## Task requirements
Only the pictures are dropped. Restate each line below word for word.

## Supplied material
■ ■ ■ ■

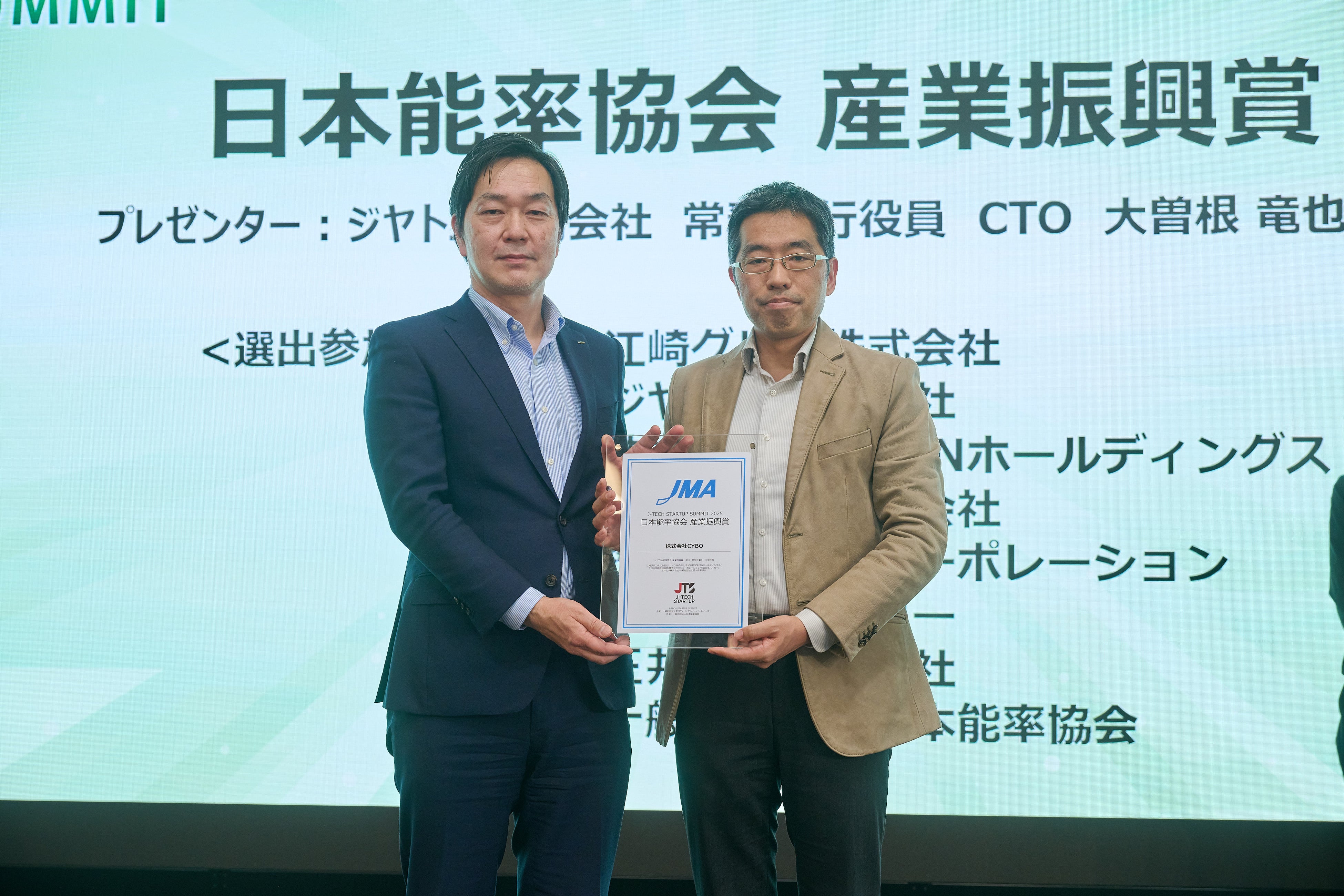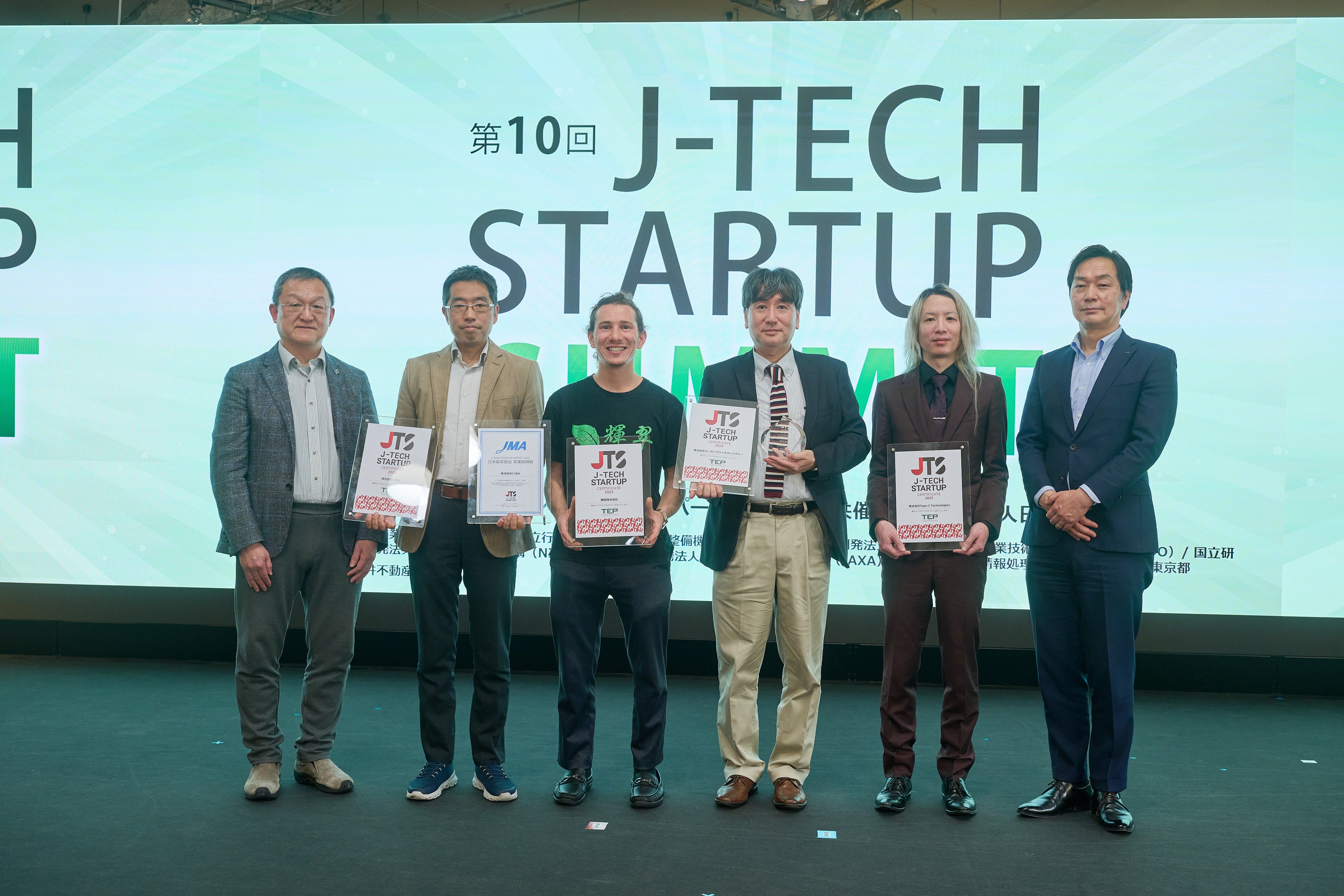 2026年2月24日(火)に、Tokyo Innovation Base(有楽町)において開催された「第10回 J-TECH STARTUP SUMMIT」では、「J-TECH STARTUP 2025」に認定された4社の事業プレゼンや認定証授与のほか、「大学・国研発スタートアップの持続発展的成長を目指して」をテーマに議論が展開されたパネルディスカッション、株式会社カーボンクライオキャプチャーへの『大学・研究機関発スタートアップ賞』の授与が行われ、共催の一般社団法人日本能率協会による当日選考の結果、株式会社CYBOが『日本能率協会 産業振興賞』を受賞し、授与式が行われました。
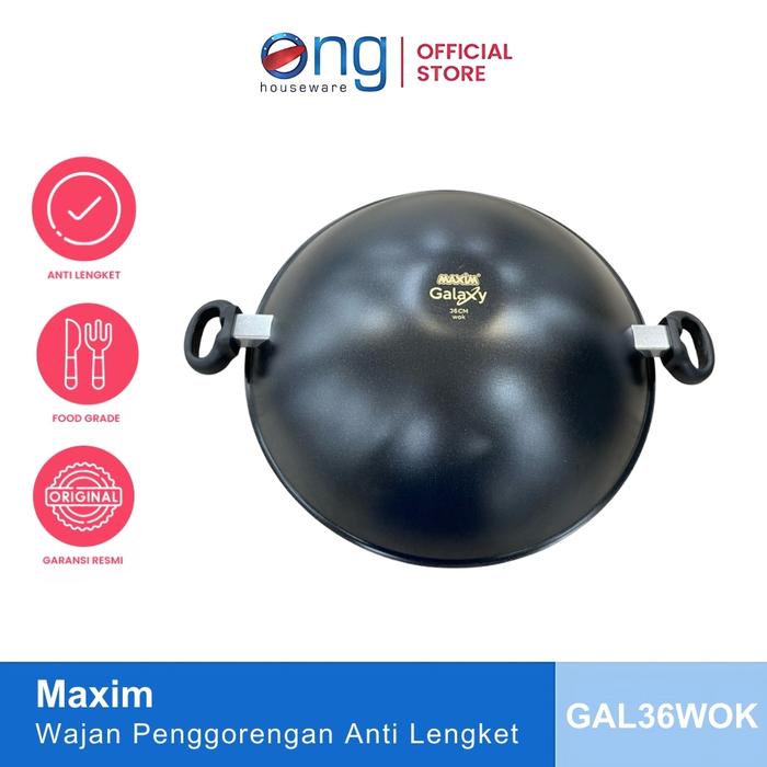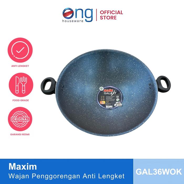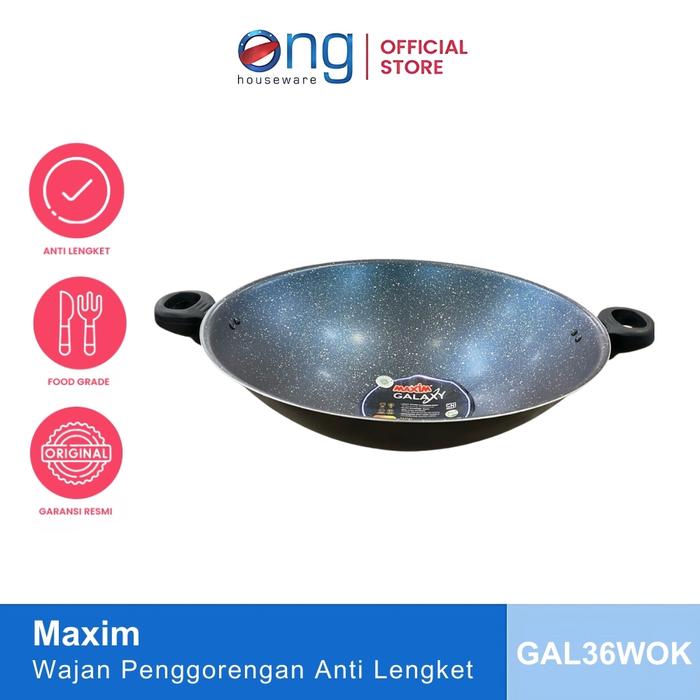 Ong Houseware - Wajan Teflon Penggorengan Anti Lengket Non Stick 30cm 36cm Maxim Galaxy GAL30WOK - GAL36WOK 36CM
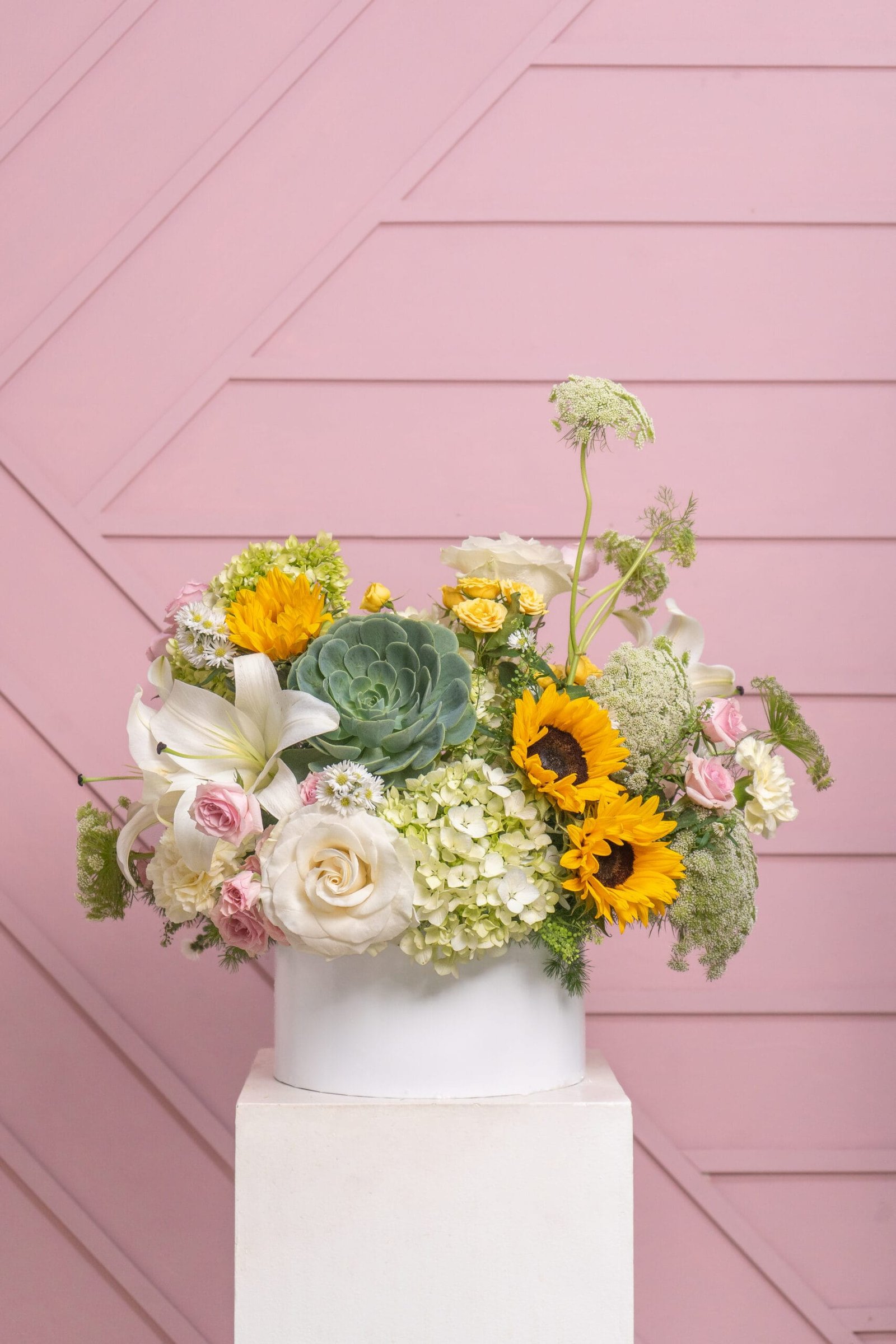 Contenido: Hortensia, Rosas, Girasoles, Ammy, Baby Rose, Lirios, Suculenta.

■ ■ ■ ■

## Result of the exercise
 2026年2月24日(火)に、Tokyo Innovation Base(有楽町)において開催された「第10回 J-TECH STARTUP SUMMIT」では、「J-TECH STARTUP 2025」に認定された4社の事業プレゼンや認定証授与のほか、「大学・国研発スタートアップの持続発展的成長を目指して」をテーマに議論が展開されたパネルディスカッション、株式会社カーボンクライオキャプチャーへの『大学・研究機関発スタートアップ賞』の授与が行われ、共催の一般社団法人日本能率協会による当日選考の結果、株式会社CYBOが『日本能率協会 産業振興賞』を受賞し、授与式が行われました。
 Ong Houseware - Wajan Teflon Penggorengan Anti Lengket Non Stick 30cm 36cm Maxim Galaxy GAL30WOK - GAL36WOK 36CM
 Contenido: Hortensia, Rosas, Girasoles, Ammy, Baby Rose, Lirios, Suculenta.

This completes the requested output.